Seoul to soon restore ties with Pyongyang: unification minister

Posted on : 2006-12-21 16:43 KST Modified on : 2019-10-19 20:29 KST

The South Korean government may resume its humanitarian assistance to North Korea in the near future as part of efforts to mend soured ties with the communist nation, the country's point man on North Korea said Thursday.

"The government has a principle to resume the North-South dialogue at the earliest date possible," Unification Minister Lee Jae-joung told reporters.

Lee was the highest, if not the first, South Korean official to express hope for resuming the country's dialogue with the communist North, which has been stalled since a high-profile meeting in July.

The relationship between the divided Koreas was nearly severed after Seoul suspended shipments of its humanitarian assistance to the North to punish the communist nation for test-launching ballistic missiles in July.

He said no date has been set for the resumption of inter-Korean talks, but his remarks followed a special lecture for a group of policy advisors to the president, in which he said the government's humanitarian assistance to the North would soon be resumed or "resolved."

"What is unfortunate is that the dialogue between the North and South Korea and (South Korea's) humanitarian assistance is still suspended," the minister said in a lecture for the 500-member standing committee of the presidential National Unification Advisory Council.

"But I believe this will soon be resolved," he added.

Tension soared after Pyongyang set off an underground nuclear explosion on Oct. 9, but the minister said his country and its people have successfully managed the situation.

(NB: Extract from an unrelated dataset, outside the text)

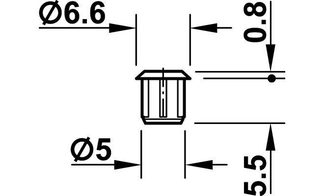 Заглушка для вдавлювання у глухий отвір діаметром - 5 мм. Заглушка виготовлена з пластмаси темно-коричневого кольору, розміри заглушки: діаметр голівки 6,6 мм, товщина голівки 0,8 мм, діаметр ніжки 5 мм, висота ніжки 5,5 мм.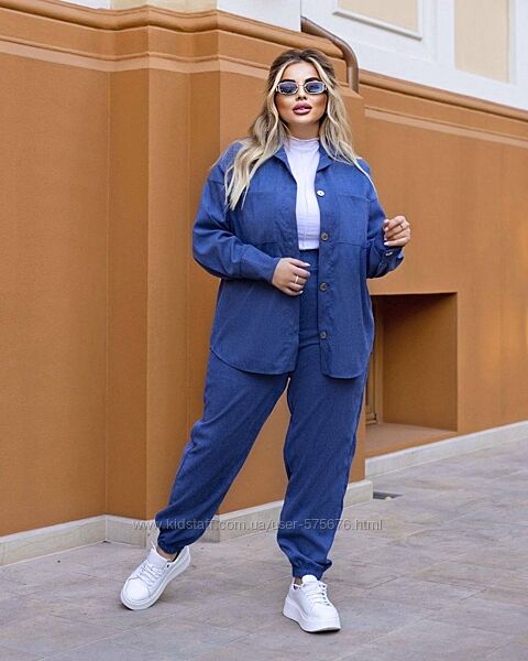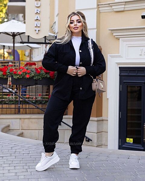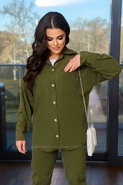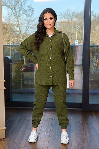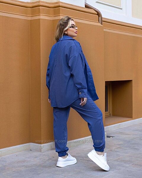 Штани на резинці, повна посадка, сорочка на гудзиках (можна носити під майку в розтегнутому варіанті)

The remarks came amid resumed talks in Beijing between North Korea and five other nations, including South Korea and the United States, to put a peaceful end to the prolonged dispute over the communist nation's nuclear weapons program.

The minister said an early resumption of inter-Korean dialogue was needed to support the six-party nuclear talks, which resumed Monday in Beijing after a 13-month hiatus caused by a North Korean boycott.

But he also said exchanges and dialogue between the Koreas need to be maintained regardless of difficulties in the nuclear disarmament talks.

"I believe inter-Korean talks could help (resolve the nuclear dispute) if they can help resolve difficulties in the six-party talks and if an agreement reached between the Koreas works to support the six-party negotiations," he said. The nuclear negotiations are also attended by Japan, Russia and host China.

The number of South and North Koreans crossing the inter-Korean border has already topped last year's total of 88,000 as of the end of last month, while the amount of cross-border trade between the two has reached more than US$1.26 billion, also surpassing the record $1 billion mark set last year, the minister said.

"This, at the end, can be said to have come from the mood for reconciliation and cooperation between the North and the South," Lee told the policy advisors.

Lee also called for continued economic cooperation projects with the communist North in the latter's border town of Kaesong and the east coast resort of Mount Geumgang, an apparent move to dismiss U.S. criticism toward the joint projects accused of funneling funds to the North's communist regime, if not directly financing Pyongyang's nuclear and weapons of mass destruction programs.

"Even if we add all the money paid to North Korea in admission fees (for South Korean tourists) to the Mount Geumgang resort and wages to North Korean workers at the Kaesong industrial complex, it only adds up to less than $20 million a year," the minister said.

The amount, Lee said, "only accounts for 1.4 percent of the hard currency North Korea earns in a year" through trade and other means.

North Korea is accused of manufacturing and circulating large amounts of counterfeit U.S. dollars.

The communist state left the six-party talks in November 2005 in protest of restrictions imposed by the United States on a Macau bank suspected of helping North Korea launder counterfeit U.S. dollars.